Before using a popular hashtag, check out the content under it, after all, if it is being abused, as the once popular #Shoutout now is – you would not want your business associated with that tag. Great ones to use are the weekday tags, such as #MondayMotivation #TravelTuesday #WednesdayWisdom #ThursdayThoughts #HappyFriday, and so on.

Another great way to get visibility for your business is to create a brand hashtag. This is particular to your business and you would use it when sharing your own content. It’s a great way to check how far your content travels.

10. Include links and/or images and videos in your posts

We all have short attention spans, so think about including images or videos with your posts. What would make your audience stop and read your post?

Not only does your content become more visible, your audience has something to interact with, which helps to increase the organic reach of the post.

Use links to content on your website or links to content of other pages, which is relevant to your business.

Post short videos of your business activities or even create one with the help of Facebook, by uploading up to 10 relevant images and letting them create it for you!

Other networks

In this article, I’ve focused on Facebook and Twitter.
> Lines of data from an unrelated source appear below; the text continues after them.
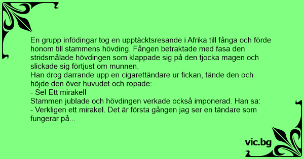 En grupp infödingar tog en upptäcktsresande i Afrika till fånga och förde honom till stammens hövding. Fången betraktade med fasa den stridsmålade hövdingen som klappade sig på den tjocka magen och slickade sig förtjust om munnen.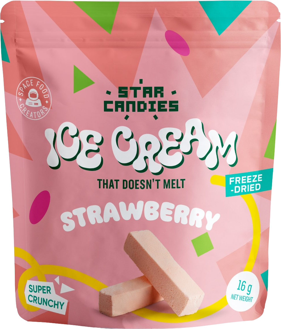 Entdecke das STAR CANDIES gefriergetrocknete Eis mit Erdbeergeschmack von Supergarden! Dieses außergewöhnliche Dessert ist exotisch, herrlich knusprig, federleicht und schmilzt nicht – der volle Eisgenuss ganz ohne Gefrierschrank!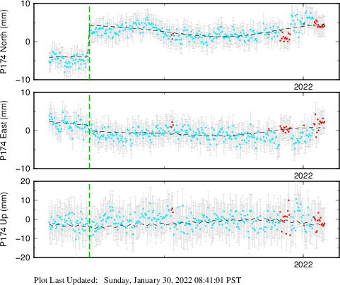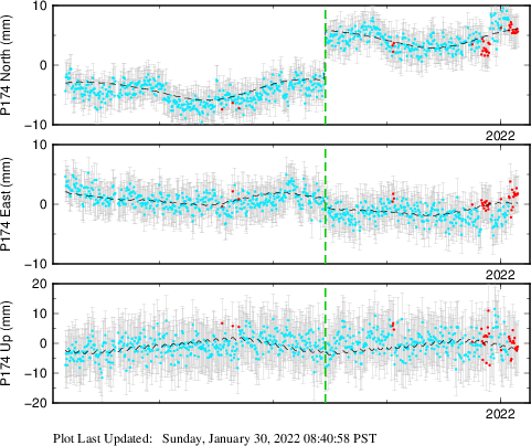 | Decimal date | N offset (mm) | N uncertainty (mm) | E offset (mm) | E uncertainty (mm) | U offset (mm) | U uncertainty (mm) | Type | Earthquake magnitude | Earthquake information | Distance from epicenter (km) | |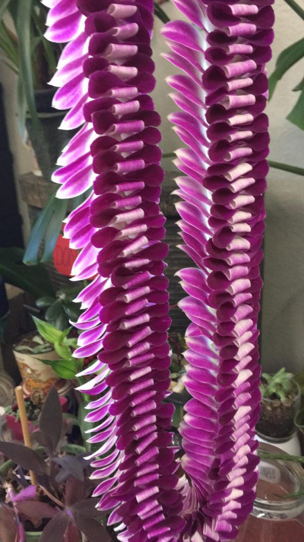 This Double Purple Lei is made of purple Dendrobium fresh orchids that are delicately folded one by one to make a beautiful thread.

There are, of course other social media platforms you can use, such as Instagram, Pinterest, LinkedIn, and so on.

Work out if your audience uses these before you dive into using them for your business. As a guide, here’s how they generally break down:

Instagram has a younger audience and is highly visual, so if you are an interior designer, cake creator, or photographer, this is a platform you should add to your social media schedule.

Pinterest is also a highly visual platform and often used to gather ideas and mood boards. It’s perfect for a rural business in the wedding industry. Many brides-to-be plan their weddings using Pinterest.

LinkedIn is very much a professional Business to Business platform; however, many businesses are seeing the potential to network using LinkedIn.

Whichever network you choose, remember to take a structured approach and create a plan that will help you achieve the results you want.